- Born: c. 1450 Brescia, Republic of Venice
- Died: 1538 Toscolano, Republic of Venice
- Citizenship: Republic of Venice
- Occupation: Publisher
- Notable work: Summa de arithmetica De divina proportione 1537 Venice Quran
- Children: Alessandro Paganini

= Paganino Paganini =

Italian printer and publisher

Paganino Paganini (/it/; Latin: Paganinus de Paganinis; c. 1450–1538), was an Italian printer and publisher from the Republic of Venice during the Renaissance. He was the original publisher of Luca Pacioli's mathematical works, Summa de arithmetica and De divina proportione, and of what is thought to be the first printed version of the Quran in Arabic.

== Life ==
Born in Brescia in the mid-fifteenth century, Paganini moved to Venice at a young age. In Venice he entered the field of publishing in 1483, working with publishers Bernardino Benali and Giorgio Arrivabene. In 1487 he printed and published his first independent work, a copy of the Roman Missal (published for the first time in 1474). In the following years he devoted himself to the printing of various works on theology and jurisprudence, including an exceptional Bible with accompanying illustrations and commentary by Nicholas of Lyra. His publications also included significant works on mathematics and politics.

In 1517 he returned with his son Alessandro and his wife to Brescia, where he founded his own print shop in the monastery on Isola del Garda; he later settled in the town of Toscolano, which today is part of the municipality of Toscolano-Maderno. Here he continued his collaboration with his son, also a printer and publisher, printing numerous Latin and Italian classics in small format. In his later years he moved to the town of Cecina, also currently part of Toscolano-Maderno, where he died in 1538.

== Notable works ==
Among Paganini's most notable publications were three mathematical writings of Luca Pacioli: Pacioli's Summa de arithmetica (1494), De divina proportione (1509), and his Italian translation of Euclid's Elements (1509). He also published Vergerio's De Republica Veneta liber primus in 1526, contributing to the work's influence on Venetian politics in the early sixteenth century.

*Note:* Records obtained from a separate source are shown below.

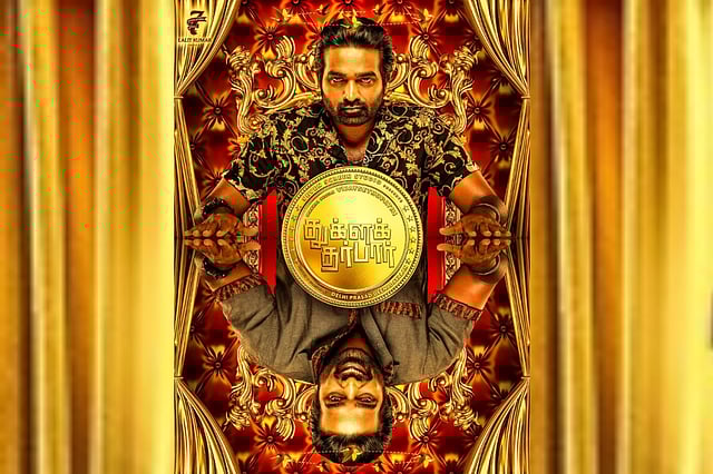 The poster shows Vijay Sethupathi seated on a table and a huge golden coin placed in front of him bearing the film’s title. In the reflected image, Vijay Sethupathi sports a grin while he has a straight face in the other. As miniature golden birds flutter above his head, the poster gives the feeling that the film may have elements of comedy and fantasy.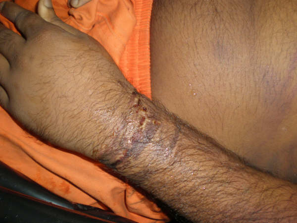 Now, the above injuries does not like caused by asthma attack. The injuries could have been inflicted before or during arrest. Also possible to be signs of torture. Marks on wrists can be due to handcuffs , or not.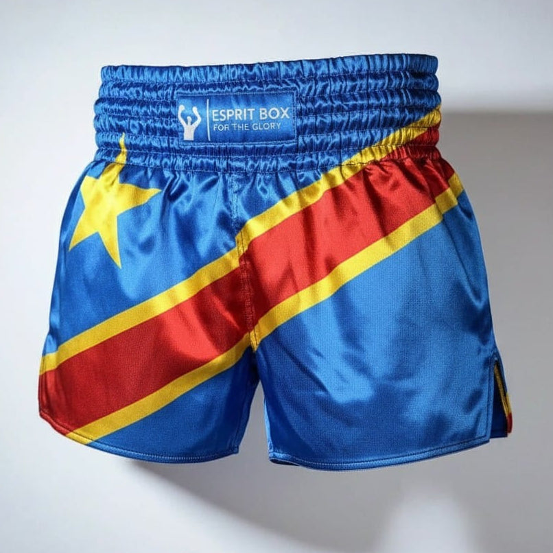 Short boxe Congo. Un short confortable et très agréable à porter, aux couleurs de la République Démocratique du Congo. Un produit officiel Esprit Boxe.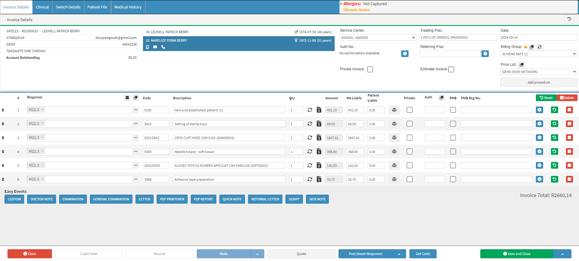 Billing: During the examination, Billing Codes can automatically be added as the tests are performed to ensure accurate and efficient Billing, as each Procedure and test associated with a specific Billing Code can then be directly added to an Invoice for fast billing.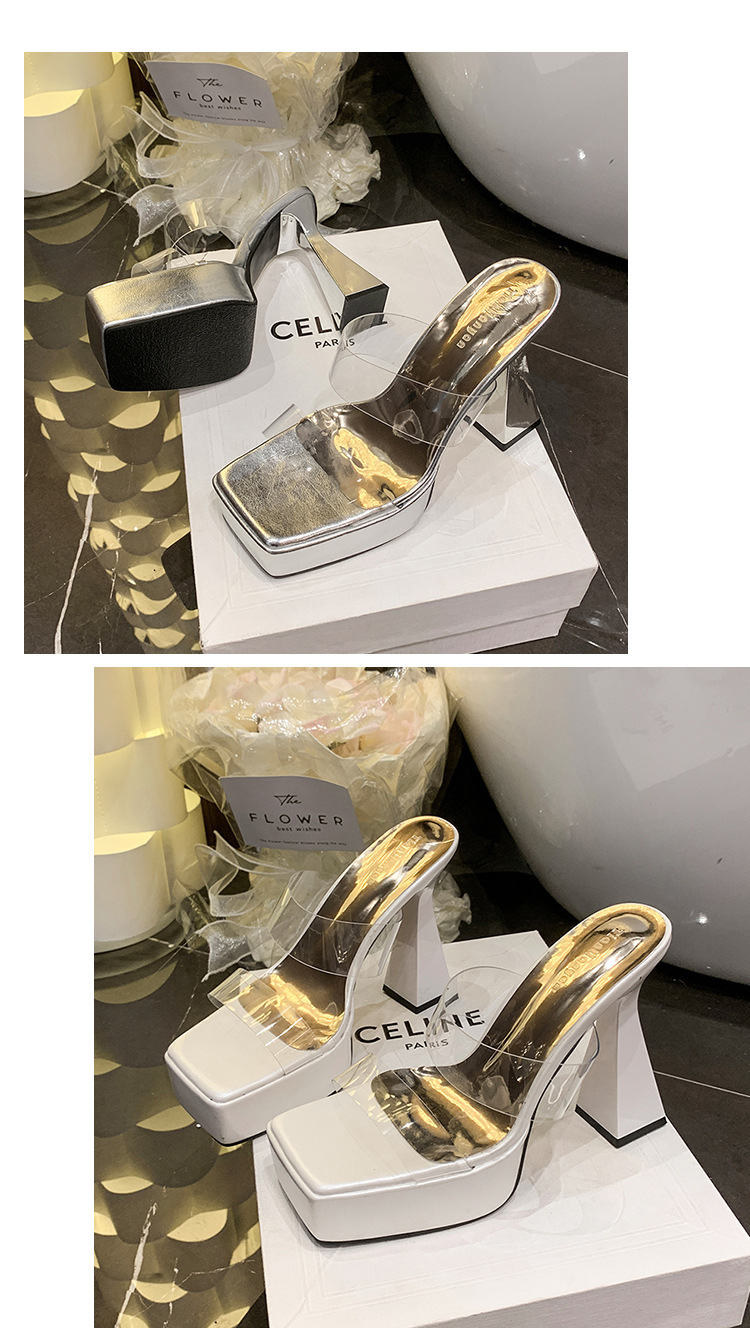 패션 모델 패션쇼 두꺼운 밑창 방수 플랫폼 투명 벨트 섹시한 나이트 클럽 두꺼운 굽 슈퍼 하이힐 여성 신발 원 스트랩스토어 가기

=== First printed Arabic Quran ===
Between 1537 and 1538 Paganini and his son published what was probably the first printed edition of the Quran in Arabic. This work was likely intended for export to the Ottoman Empire, with which Venice had extensive trade ties. Sometimes known as the Paganini Quran, the Venice Quran, or the Venice Manuscript, it is believed to be the first complete copy of the Quran printed on a movable type printer. In the end, the venture was unsuccessful; the entire print run is reported by various contemporaries to have been lost, though the explanations for the disappearance vary widely. However, one copy of this printed Quran was found in 1987 in a monastery in Isola di San Michele (Venice).